* SOURCE DATA:
━━━

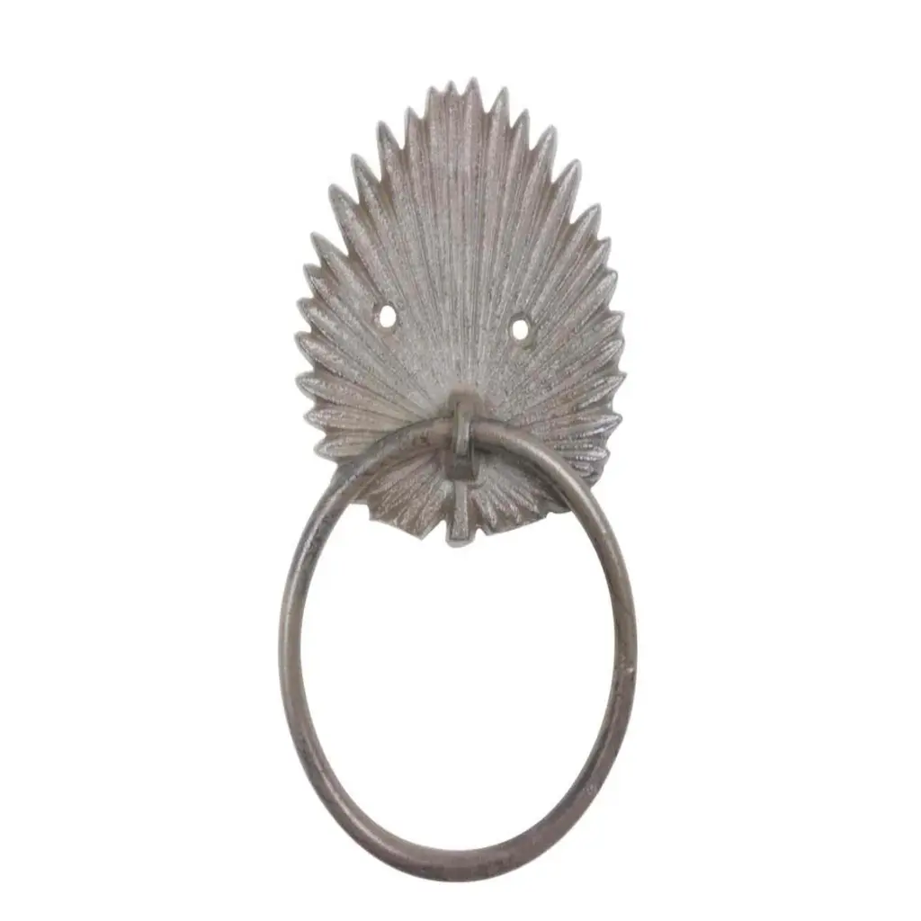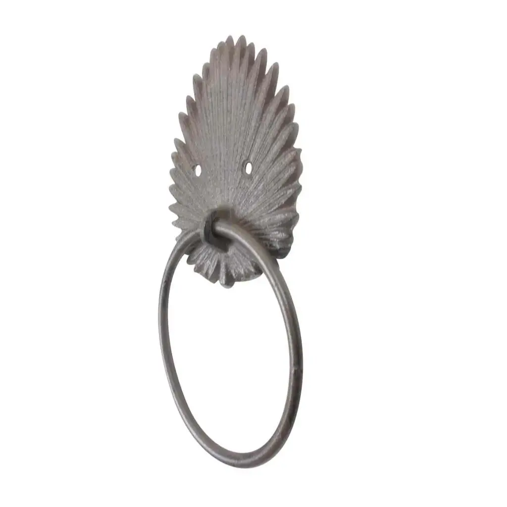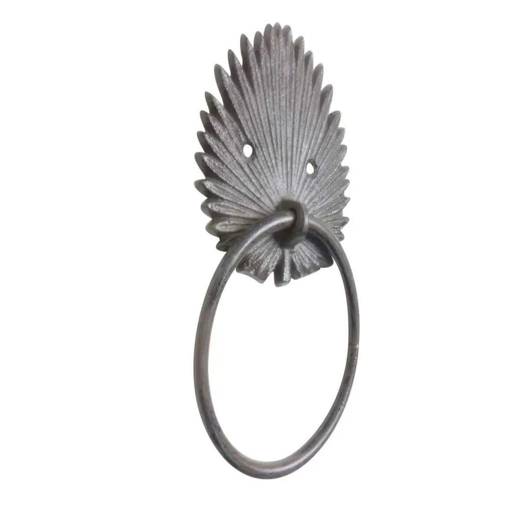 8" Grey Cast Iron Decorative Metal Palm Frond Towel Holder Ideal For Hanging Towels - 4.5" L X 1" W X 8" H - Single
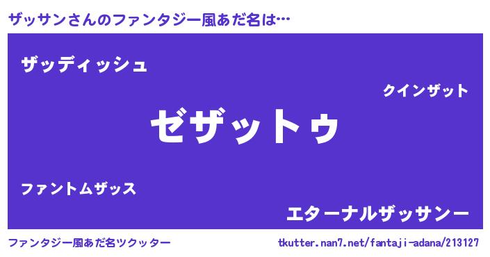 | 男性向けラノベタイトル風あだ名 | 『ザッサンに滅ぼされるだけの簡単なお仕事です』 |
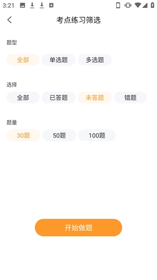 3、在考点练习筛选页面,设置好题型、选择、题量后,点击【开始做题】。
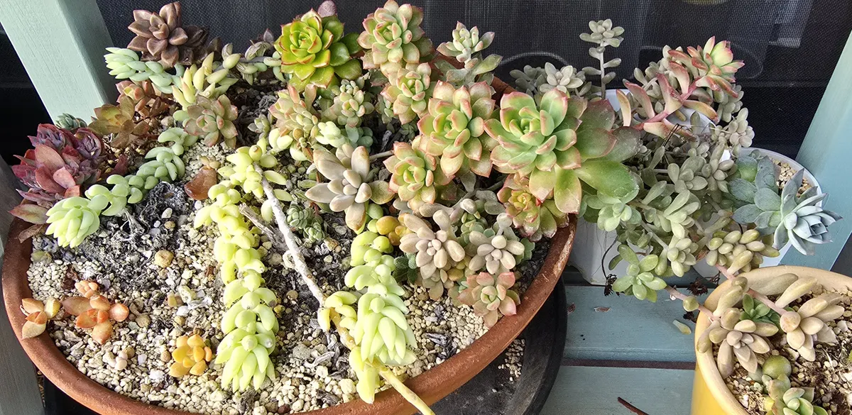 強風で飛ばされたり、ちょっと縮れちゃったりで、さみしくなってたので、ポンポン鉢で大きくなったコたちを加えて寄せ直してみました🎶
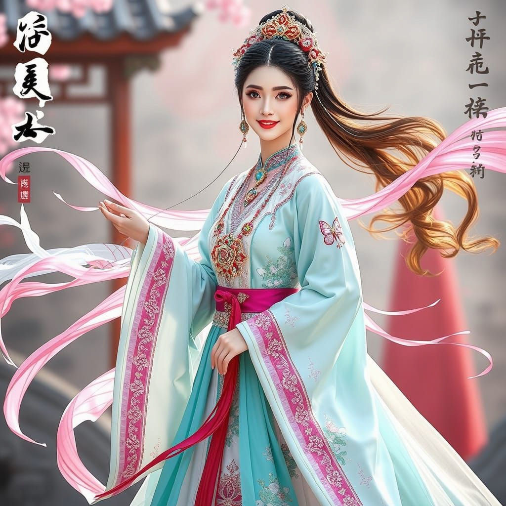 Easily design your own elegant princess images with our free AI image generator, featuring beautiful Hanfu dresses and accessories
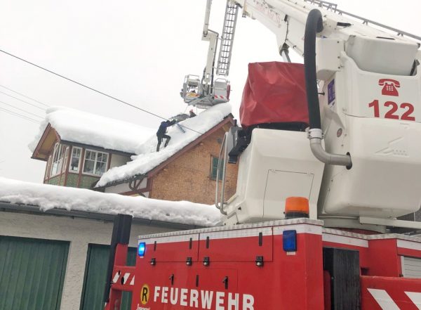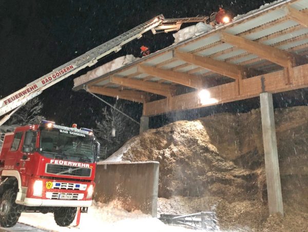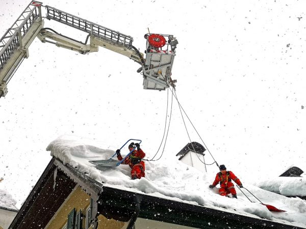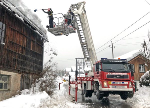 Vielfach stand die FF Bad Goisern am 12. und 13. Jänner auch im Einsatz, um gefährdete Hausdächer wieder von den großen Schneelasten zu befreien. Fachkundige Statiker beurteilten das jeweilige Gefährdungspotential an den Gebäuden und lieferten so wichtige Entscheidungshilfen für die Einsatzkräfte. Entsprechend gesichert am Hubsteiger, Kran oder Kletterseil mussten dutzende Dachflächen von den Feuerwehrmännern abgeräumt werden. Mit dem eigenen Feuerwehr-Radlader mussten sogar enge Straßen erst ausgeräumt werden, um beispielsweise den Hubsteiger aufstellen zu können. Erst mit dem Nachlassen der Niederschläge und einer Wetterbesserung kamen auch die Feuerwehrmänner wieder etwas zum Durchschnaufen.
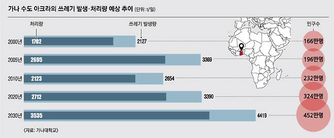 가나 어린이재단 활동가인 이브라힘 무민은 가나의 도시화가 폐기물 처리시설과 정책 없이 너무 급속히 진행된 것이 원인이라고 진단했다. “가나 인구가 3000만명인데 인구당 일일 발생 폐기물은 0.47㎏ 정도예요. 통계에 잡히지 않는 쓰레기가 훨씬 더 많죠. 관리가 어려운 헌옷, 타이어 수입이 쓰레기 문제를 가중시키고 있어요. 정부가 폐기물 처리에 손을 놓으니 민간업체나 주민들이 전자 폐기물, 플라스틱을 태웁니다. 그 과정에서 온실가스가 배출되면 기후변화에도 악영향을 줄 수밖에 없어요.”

━━━

* WHAT IS BEING ASKED: What are the lines in the records above, word for word, from the one containing "男性向けラノベタイトル風あだ名 | 『ザッサンに滅ぼされるだけの簡単なお仕事です』 |" through the one containing "Easily design your", both ends included and pictures left out?

* SOLUTION BELOW:
 | 男性向けラノベタイトル風あだ名 | 『ザッサンに滅ぼされるだけの簡単なお仕事です』 |
 3、在考点练习筛选页面,设置好题型、选择、题量后,点击【开始做题】。
 強風で飛ばされたり、ちょっと縮れちゃったりで、さみしくなってたので、ポンポン鉢で大きくなったコたちを加えて寄せ直してみました🎶
 Easily design your own elegant princess images with our free AI image generator, featuring beautiful Hanfu dresses and accessories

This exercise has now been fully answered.